The Gajashastra (Sanskrit: गजशास्त्र romanized: Gajaśāstra lit. 'Science of Elephants') is a Sanskrit treatise on elephantology attributed to the sage Palakapya. It forms part of the wider branch of Gajayurveda (Ayurvedic elephant science) and discusses the capture, training, characteristics, and management of elephants. Gajashastra focuses primarily on the healthy and functional aspects of elephants, whereas related works such as Hastyayurveda deal with anatomy, diseases, and treatment.

== Development ==

=== Authorship and background ===
The Gajashastra is traditionally ascribed to sage Palakapya. The Matanga lila describes Palakapya as the son of the hermit Samagayana, born near the Lauhitya (Brahmaputra) river in the Himalayan foothills. The Gajashastra opens with the people of Anga lamenting to King Romapada about the destruction of their crops by wild elephants.
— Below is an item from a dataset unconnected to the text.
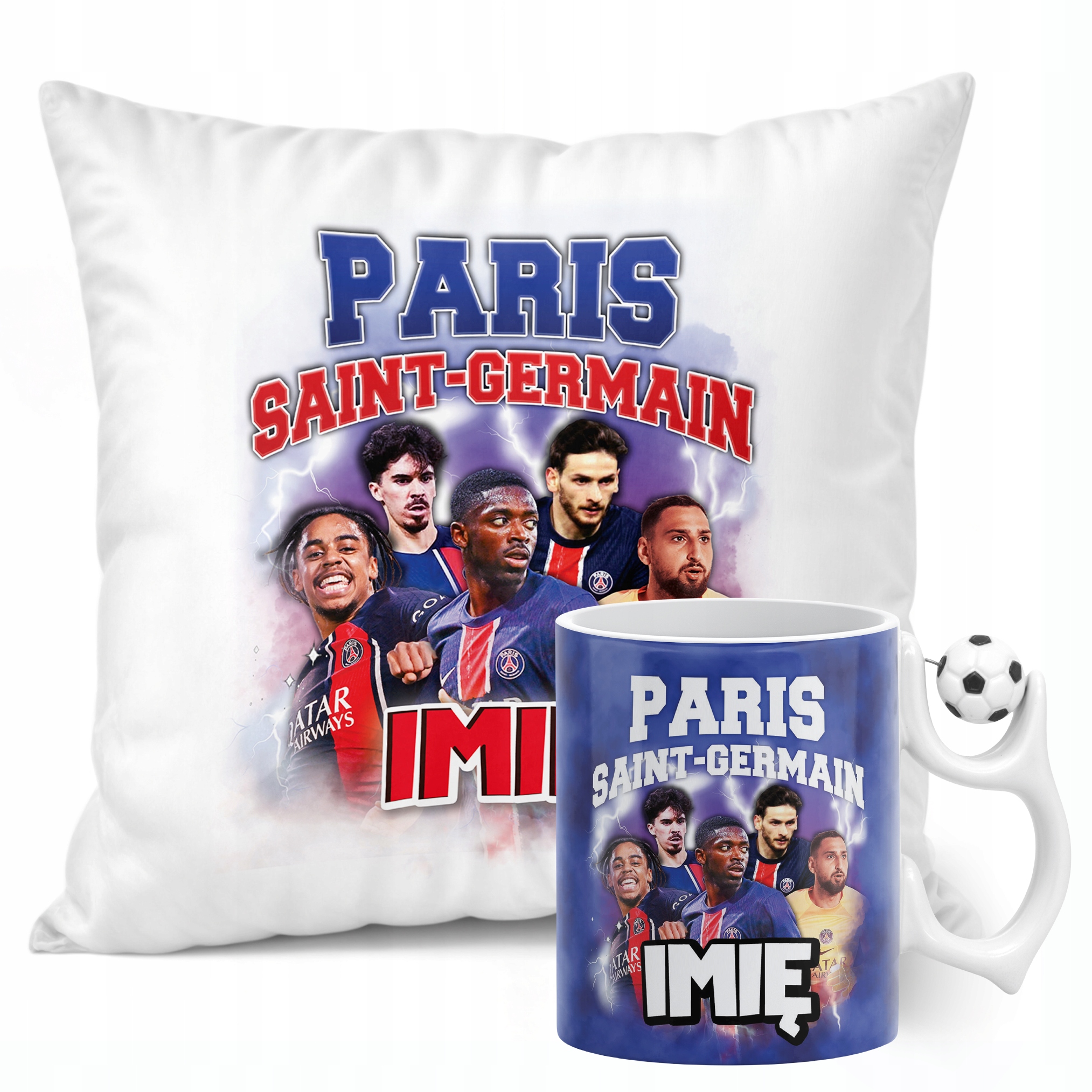 ✨ Zestaw prezentowy z imieniem poduszka i kubek piłkarski dla kibiców Paris Saint-Germain – Idealny prezent dla fanów, którzy kochają piłkarskie emocje! ✨

In response, the king orders that the elephants be captured and brought to the royal stables. There, he encounters a sage compassionately tending to the wounded and distressed elephants. This sage introduces himself as Palakapya. The king, moved by the suffering of the captured elephants, engages in dialogue with Palakapya, who expounds on the ethical care, training, and management of elephants, forming the core of the Gajashastra.

=== Chronology ===
Chronologically, H.P. Shastri and other Indologists place Palakapya around the 5th-6th century BCE, roughly contemporary with the later Sūtra period and the medical figure Sushruta. The work's references and form suggest that it predates or is roughly contemporary with Kautilya's Arthashastra (c. 3rd century BCE), which also contains a section on elephant physicians (Hastipracāra), implying that the science of elephants was already well developed by that time.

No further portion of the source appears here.